DATA FOR REVIEW

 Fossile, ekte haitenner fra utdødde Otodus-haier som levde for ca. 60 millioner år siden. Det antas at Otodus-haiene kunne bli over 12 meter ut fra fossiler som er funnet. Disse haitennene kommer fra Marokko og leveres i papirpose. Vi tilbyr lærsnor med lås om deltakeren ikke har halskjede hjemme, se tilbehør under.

--

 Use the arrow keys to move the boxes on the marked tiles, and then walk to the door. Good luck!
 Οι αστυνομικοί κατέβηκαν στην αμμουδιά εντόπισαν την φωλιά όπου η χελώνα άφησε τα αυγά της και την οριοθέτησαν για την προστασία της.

...

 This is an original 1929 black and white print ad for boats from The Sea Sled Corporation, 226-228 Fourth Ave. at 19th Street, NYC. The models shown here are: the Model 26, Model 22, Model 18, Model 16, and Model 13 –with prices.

YOUR INSTRUCTIONS
Your answer should consist only of the lines above between the line holding "Use the arrow" and the line holding "Οι αστυνομικοί κατέβηκαν", inclusive, each transcribed exactly.

TASK RESULT
 Use the arrow keys to move the boxes on the marked tiles, and then walk to the door. Good luck!
 Οι αστυνομικοί κατέβηκαν στην αμμουδιά εντόπισαν την φωλιά όπου η χελώνα άφησε τα αυγά της και την οριοθέτησαν για την προστασία της.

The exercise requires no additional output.